Given material –
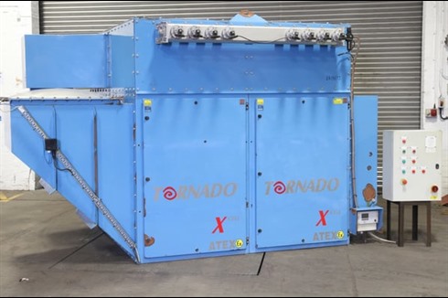 The Tornado 16 Xcell R reverse jet cartridge filter dust extractor features rotary valve discharge, one 45 gallon drum waste collection and pedestal floor mounted fan set complete with a 15kW motor.
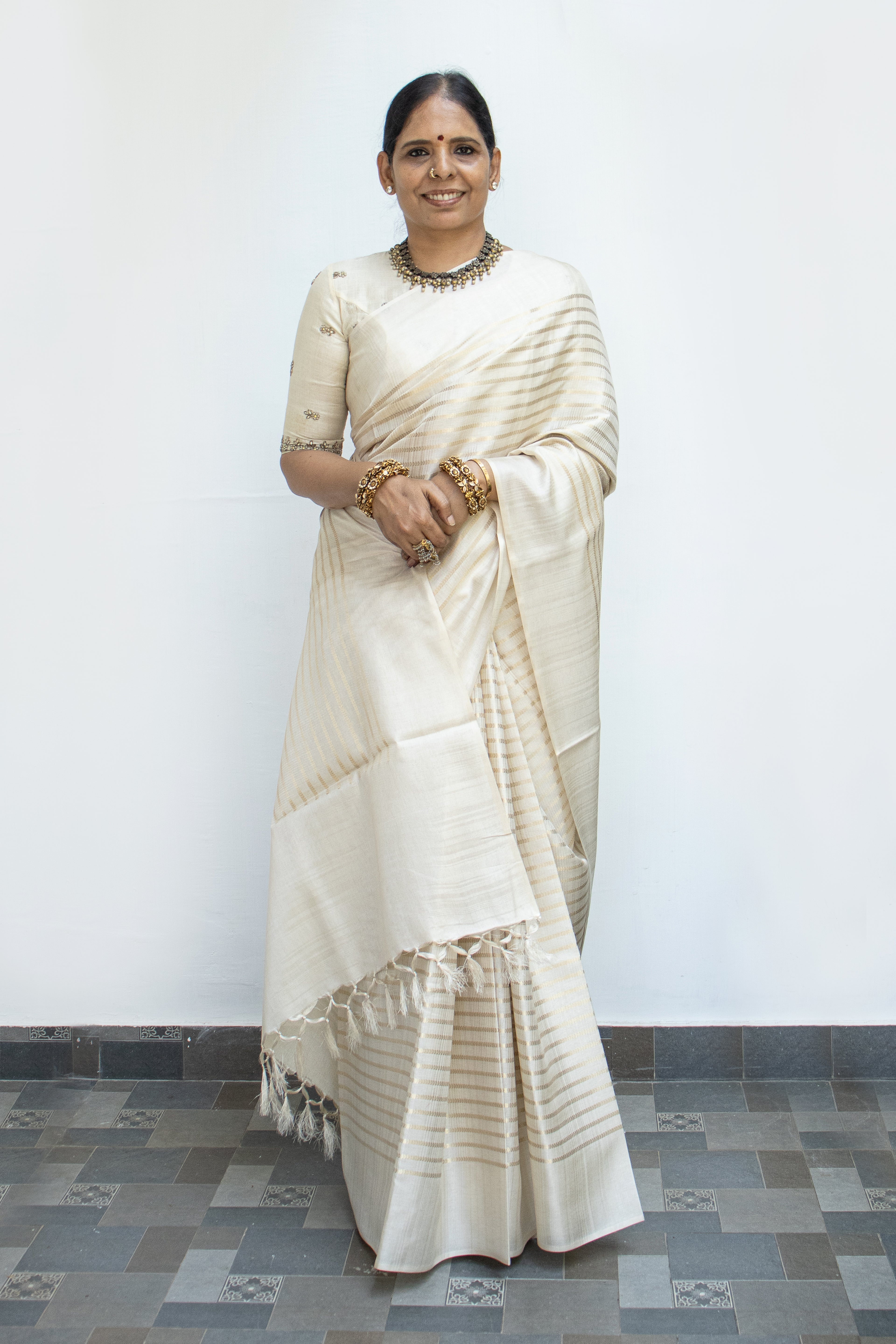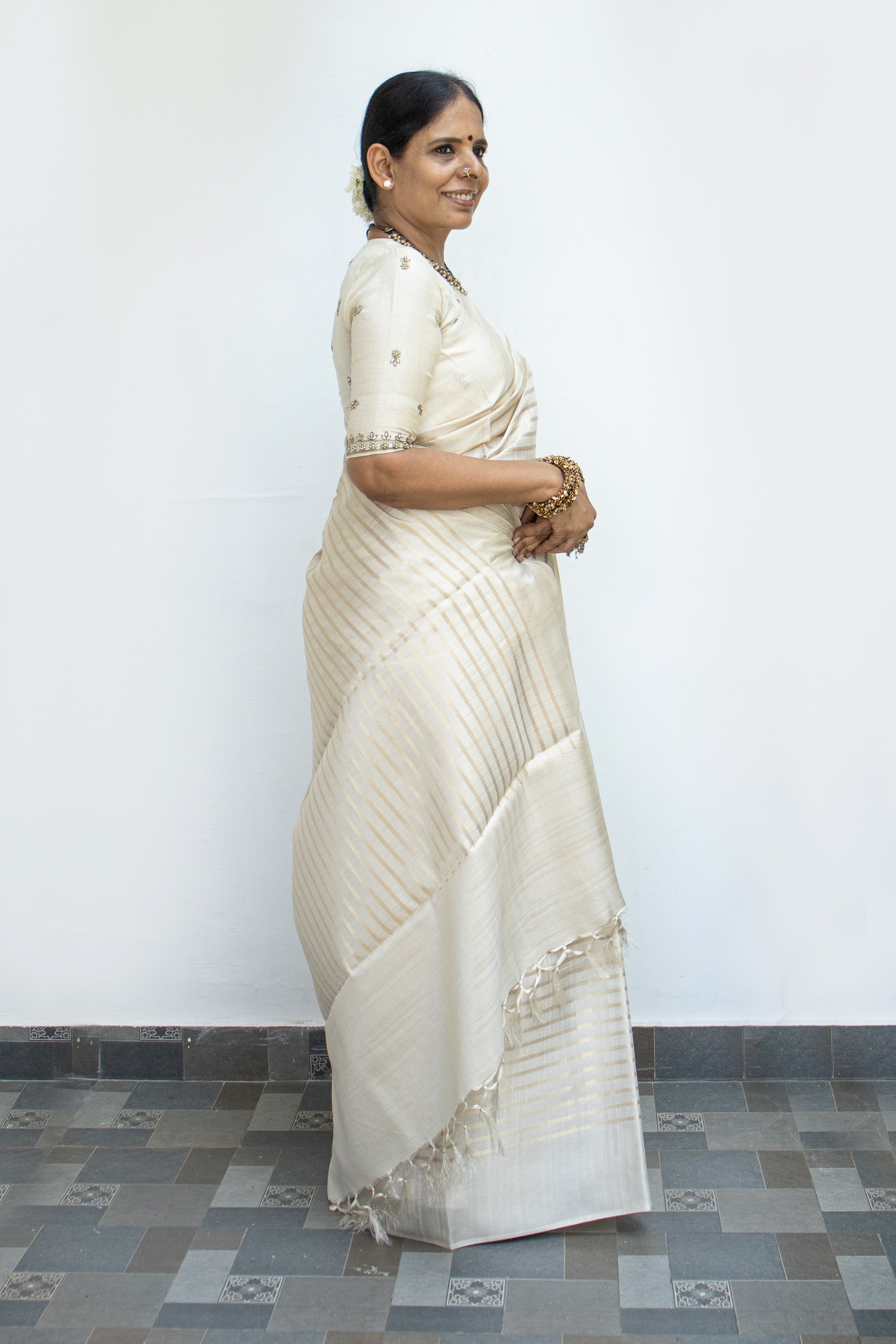 Cream Tussar Silk Saree with Horizontal Gold Zari Lines
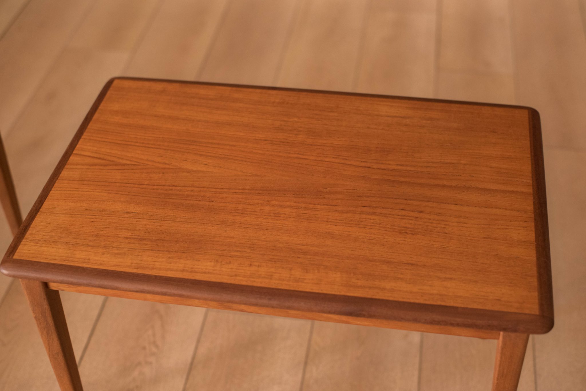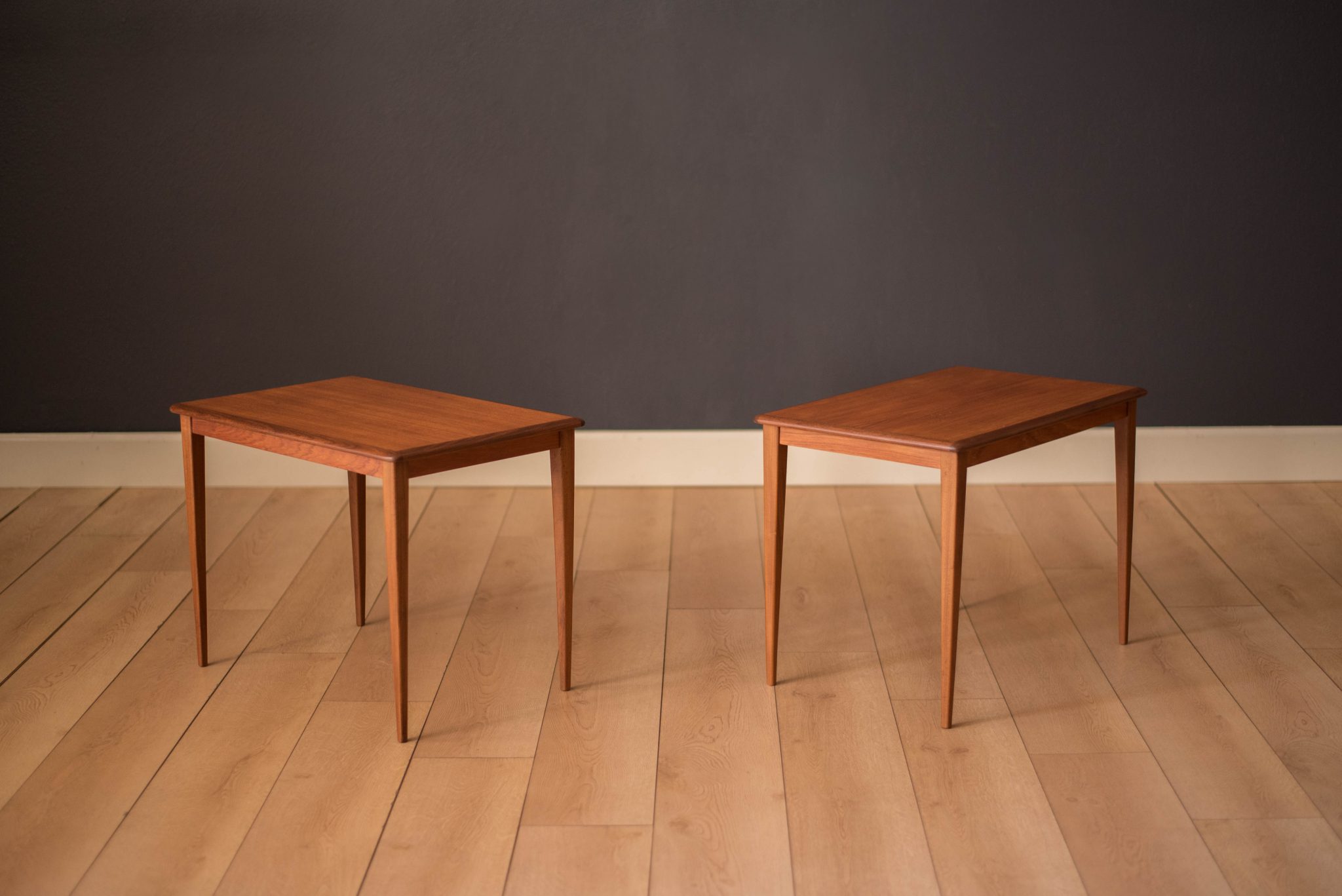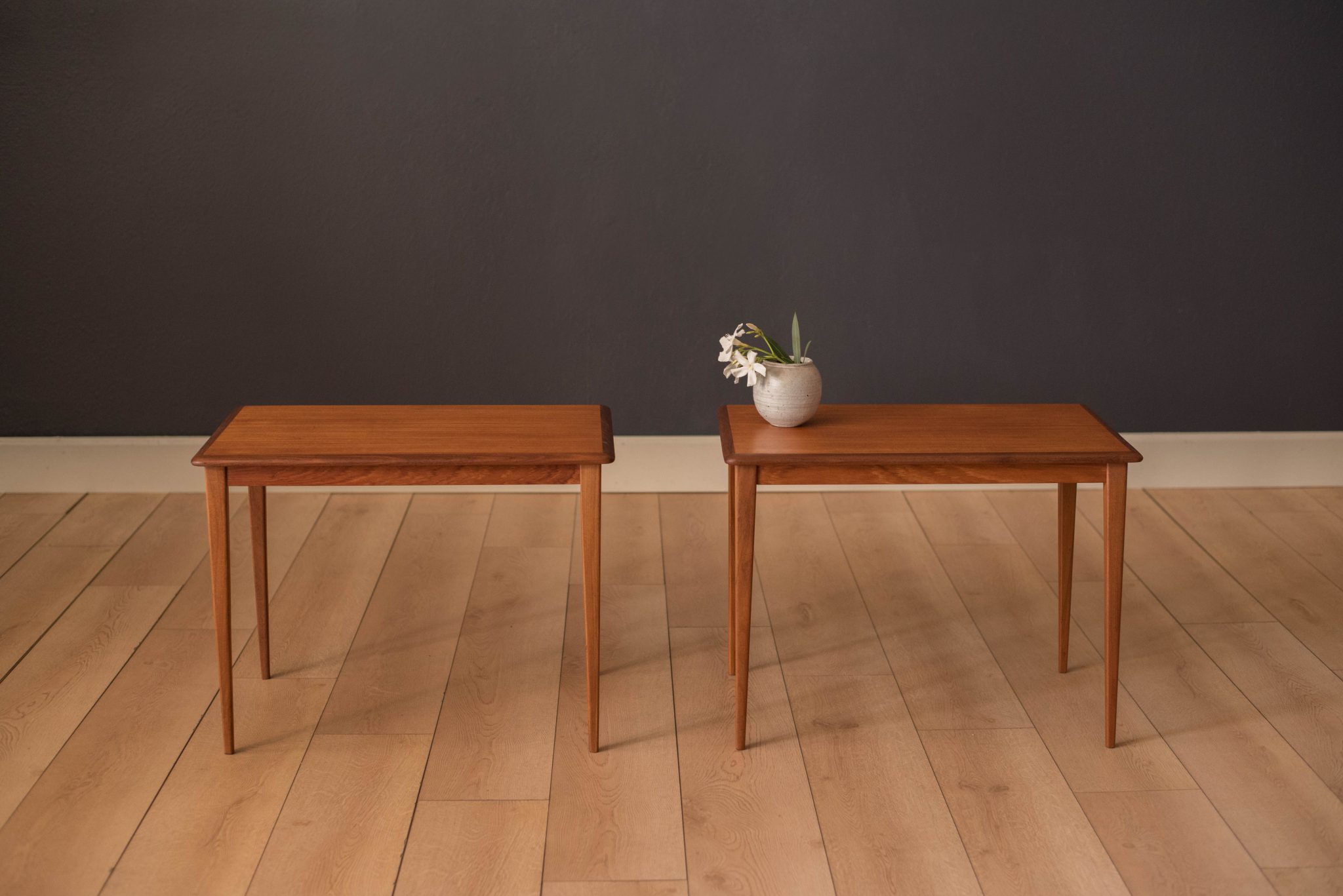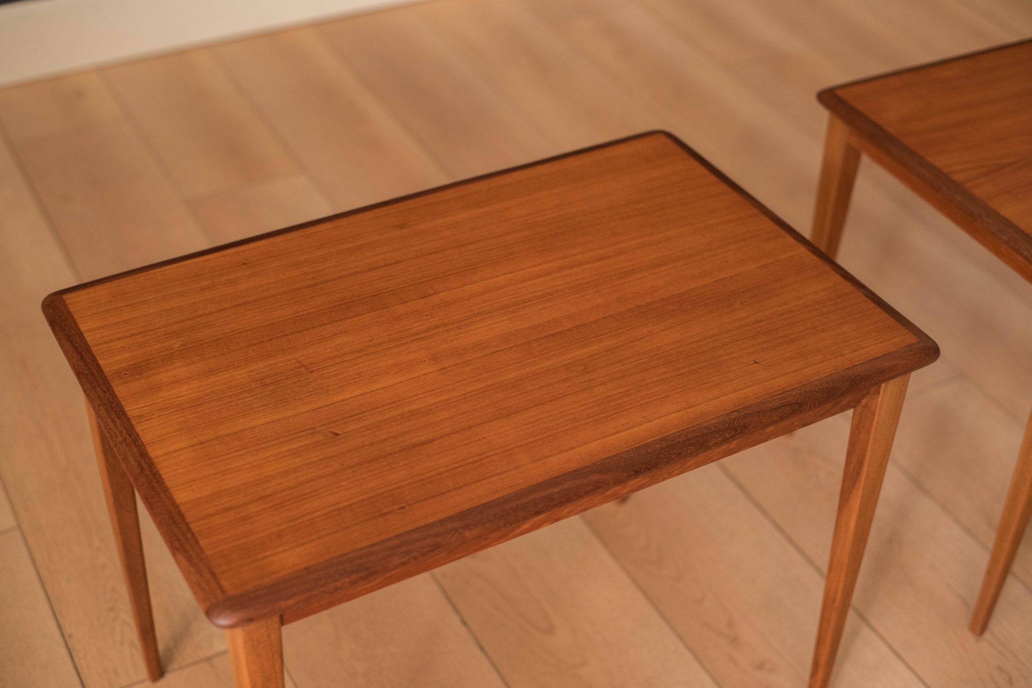 Vintage pair of side tables made in Sweden, circa 1960s. This set features tapered angled legs and teak table tops with contrasting solid afromasia edges.

Work instructions – Drop the images; restate the listing exactly.

Answer to the problem –
 The Tornado 16 Xcell R reverse jet cartridge filter dust extractor features rotary valve discharge, one 45 gallon drum waste collection and pedestal floor mounted fan set complete with a 15kW motor.
 Cream Tussar Silk Saree with Horizontal Gold Zari Lines
 Vintage pair of side tables made in Sweden, circa 1960s. This set features tapered angled legs and teak table tops with contrasting solid afromasia edges.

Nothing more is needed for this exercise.